Directions for this task: When you copy the material below, keep every line exact and drop the pictures.

Dataset extract:
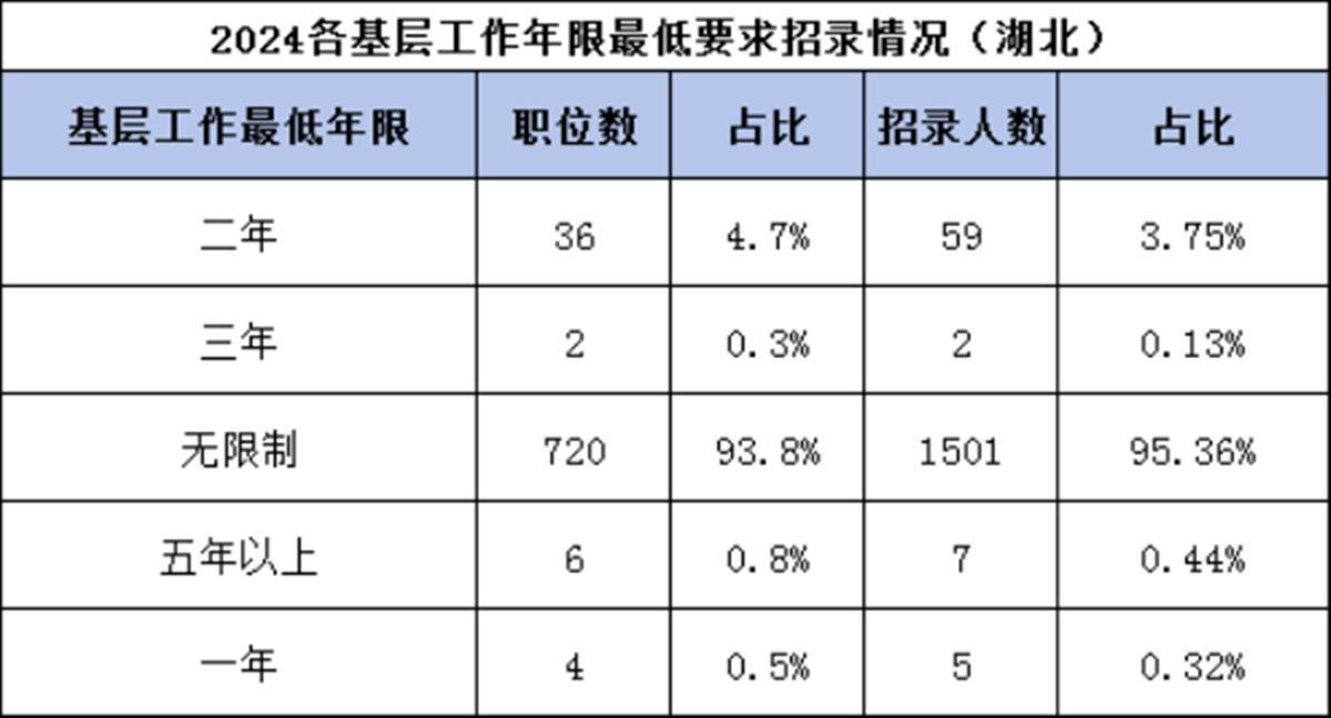 2024国考工作地点在湖北的职位有720个职位,不限制基层工作年限,占总招录职位的93.8%,这些职位共招1501人,占湖北总招录人数的95.36%,这对于大部分考生来说是利好消息。
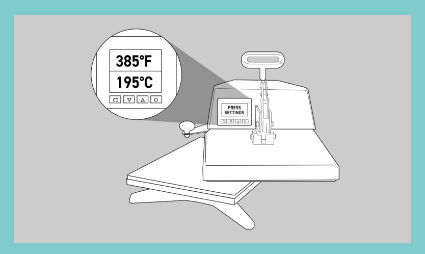 First, turn on your heat press and set the temperature to 385°F / 195°C (temperatures based on prints made with small desktop sublimation printers.) Strong pressure is recommended (settings may vary based on equipment.)
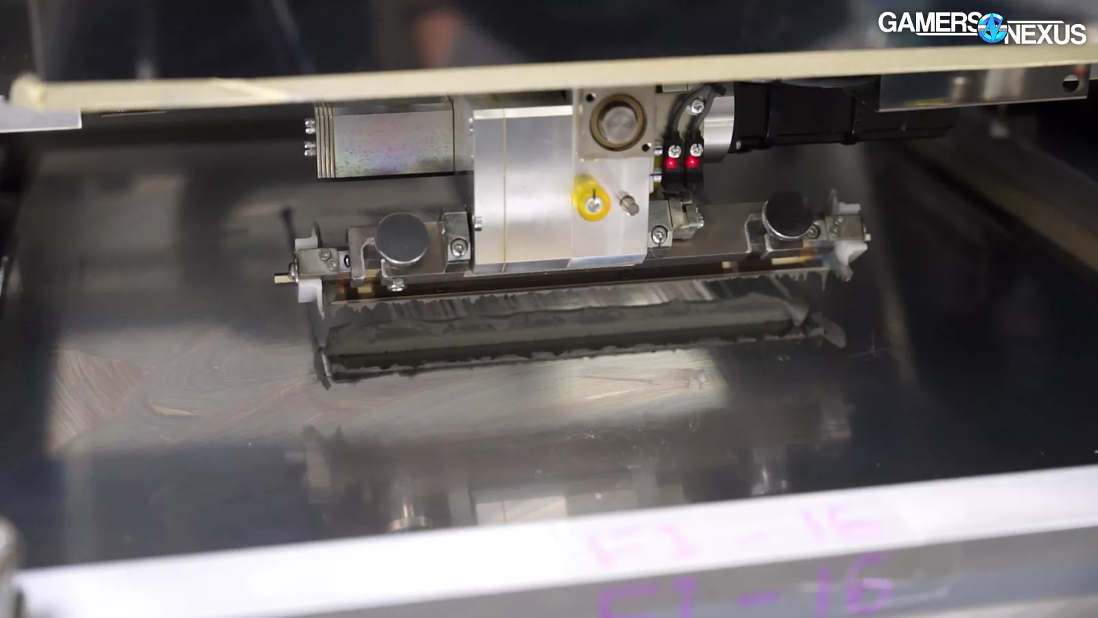 We also have a few shots where they paused the line for us to see the interior of the machines, but they had to be turned off for these shots. You can see each of the reels feeds into this like ammo belts, with the moving head actuated by gas lines and compressed air.
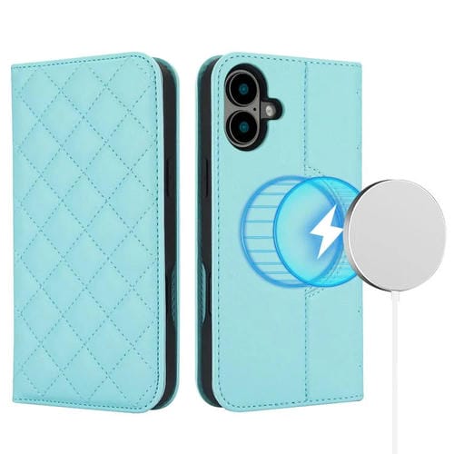 Funda de cuero Rhombic MagSafe RFID antirrobo para iPhone 17 (azul cielo)

Solution to the problem:
 2024国考工作地点在湖北的职位有720个职位,不限制基层工作年限,占总招录职位的93.8%,这些职位共招1501人,占湖北总招录人数的95.36%,这对于大部分考生来说是利好消息。
 First, turn on your heat press and set the temperature to 385°F / 195°C (temperatures based on prints made with small desktop sublimation printers.) Strong pressure is recommended (settings may vary based on equipment.)
 We also have a few shots where they paused the line for us to see the interior of the machines, but they had to be turned off for these shots. You can see each of the reels feeds into this like ammo belts, with the moving head actuated by gas lines and compressed air.
 Funda de cuero Rhombic MagSafe RFID antirrobo para iPhone 17 (azul cielo)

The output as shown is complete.